When tabling the 2026 Appropriation Bill 2025 in Parliament on Monday, Minister of Finance and Treasury, Rexson Ramofafia, said these global trends have direct consequences for the Solomon Islands.
“As a small island economy, our trade, investment flows, and fiscal stability are highly sensitive to shifts in global growth, commodity prices, and geopolitical tensions,” he said.
Ramofafia noted that in some regions—such as China and parts of Europe—targeted fiscal measures have helped cushion the impact of slowing growth.
Among advanced economies, GDP growth is projected to decline to 1.4 percent in 2025 and 1.5 percent in 2026. In the United States, growth is expected to fall from 2.8 percent in 2024 to 1.8 percent in 2025—one full percentage point lower than the forecast issued in January. This drop is driven by policy uncertainty, trade tensions, and weaker consumption across the economy.
“In the Euro area, growth is projected at 0.8 percent in 2025 and 1.2 percent in 2026,” he said. “Countries such as Germany and Spain have introduced fiscal support to cushion these pressures, but it remains uncertain how long such measures can sustain growth.”

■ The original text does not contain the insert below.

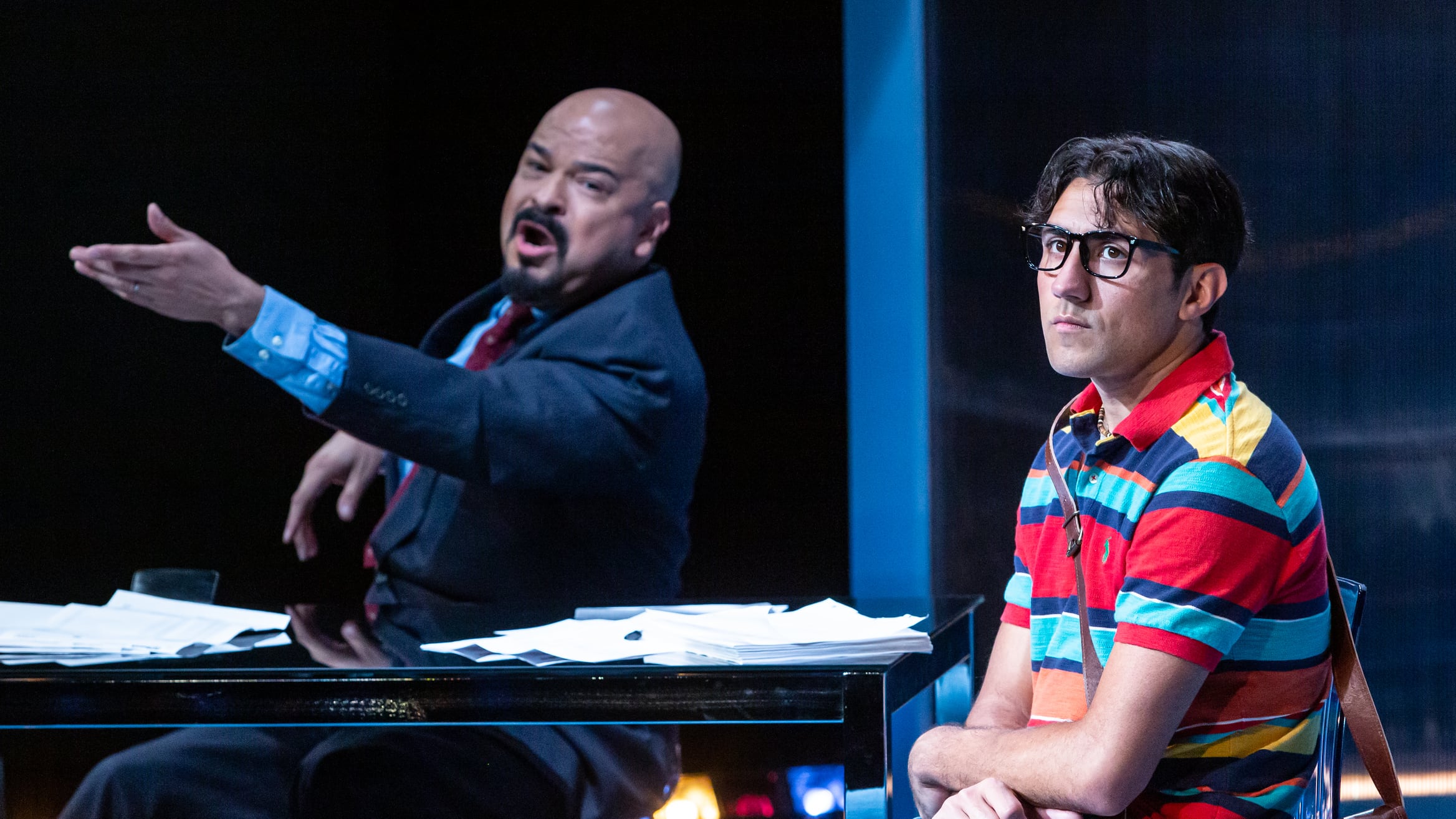 Greater conflict erupts from fissures of race and class and compels the young man’s coming of age. The audience collectively holds its breath watching Orlando lash out against his father’s biggest client, whose condescension toward Mando—”don’t beg, it’s embarrassing”—shows professional success does not equate with acceptance. In a blistering monologue, Mercedes (Crystal Ann Muñoz), Mando’s secretary and the only female character, lets reality strike Orlando. “I watched you go from being one of us to one of them.”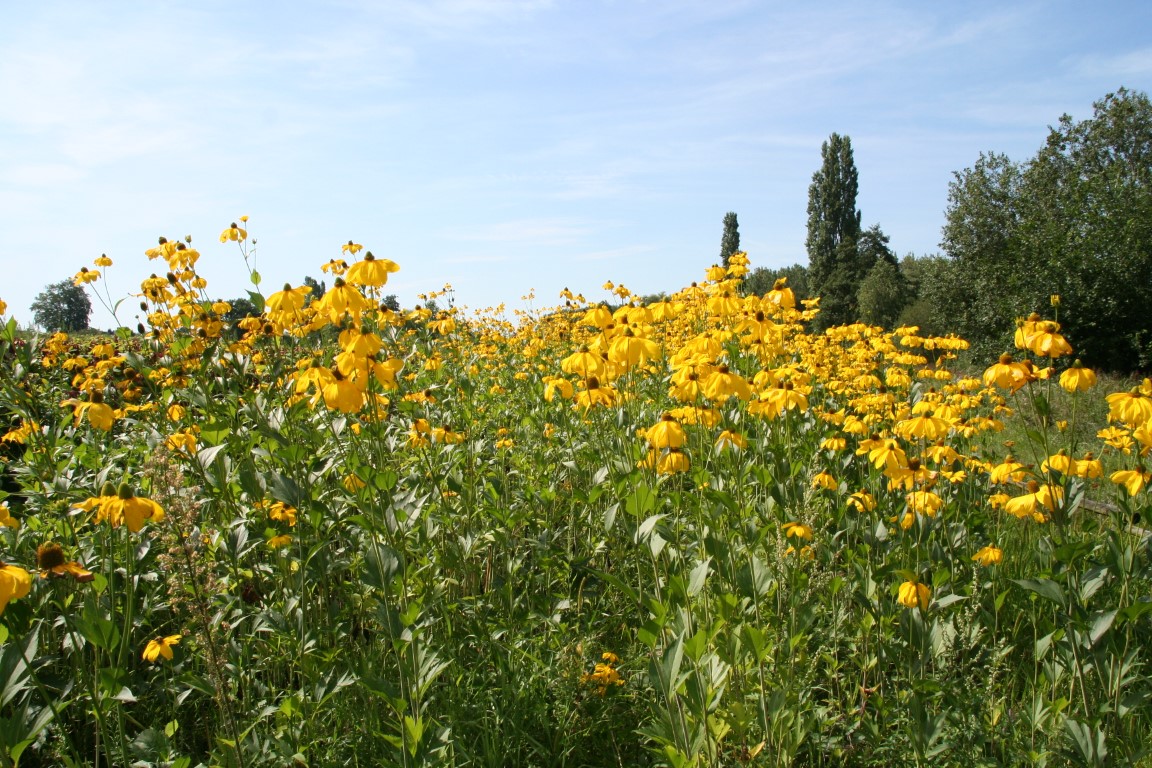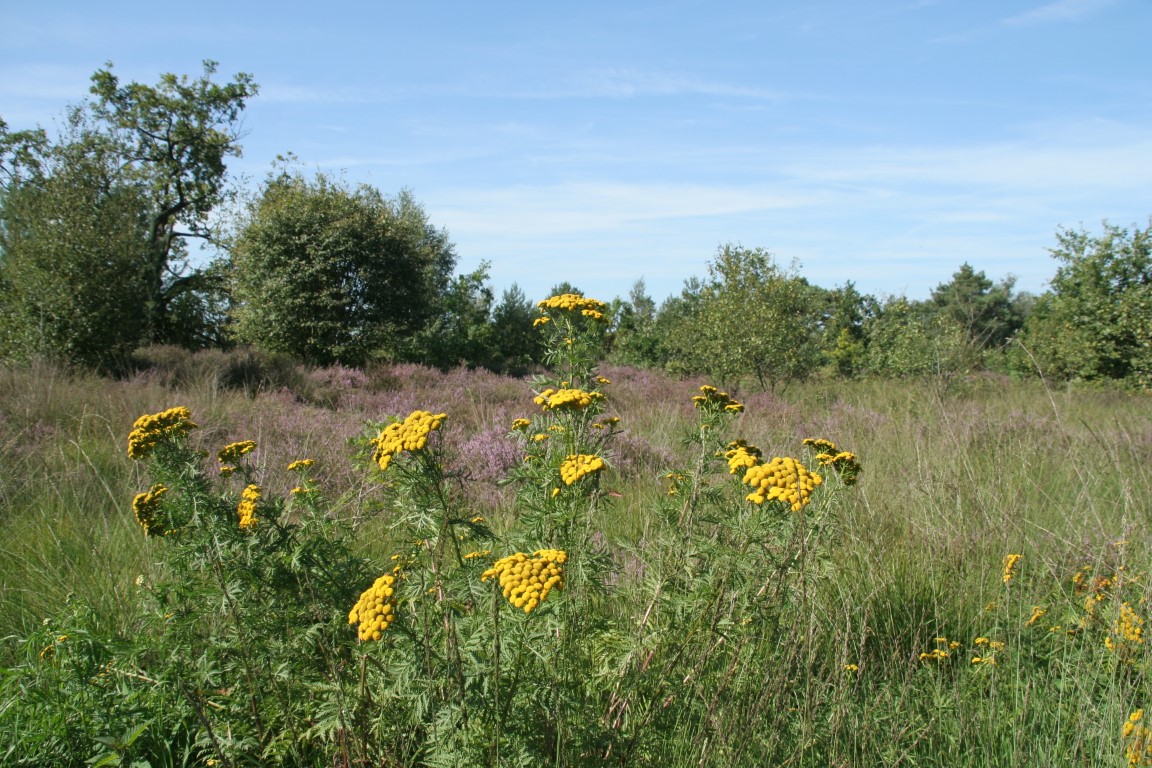 Rechtsboven Knoopkruid, rechtsonder Gewone Klit, linksonder Koninginnekruid, linksboven heide, boerenwormkruid en Amerikaanse vogelkers.

Other advanced economies—Canada, Japan, and the United Kingdom—have also recorded downward revisions for 2025, with weak projections extending into 2026.
Emerging market economies are expected to grow by 3.7 percent in 2025 and 3.9 percent in 2026. Ramofafia said this reflects continued trade downturns across Asia, especially among ASEAN countries affected by US tariffs. China’s growth is forecast at 4 percent for both years, while India continues to maintain stable growth driven by strong rural consumption.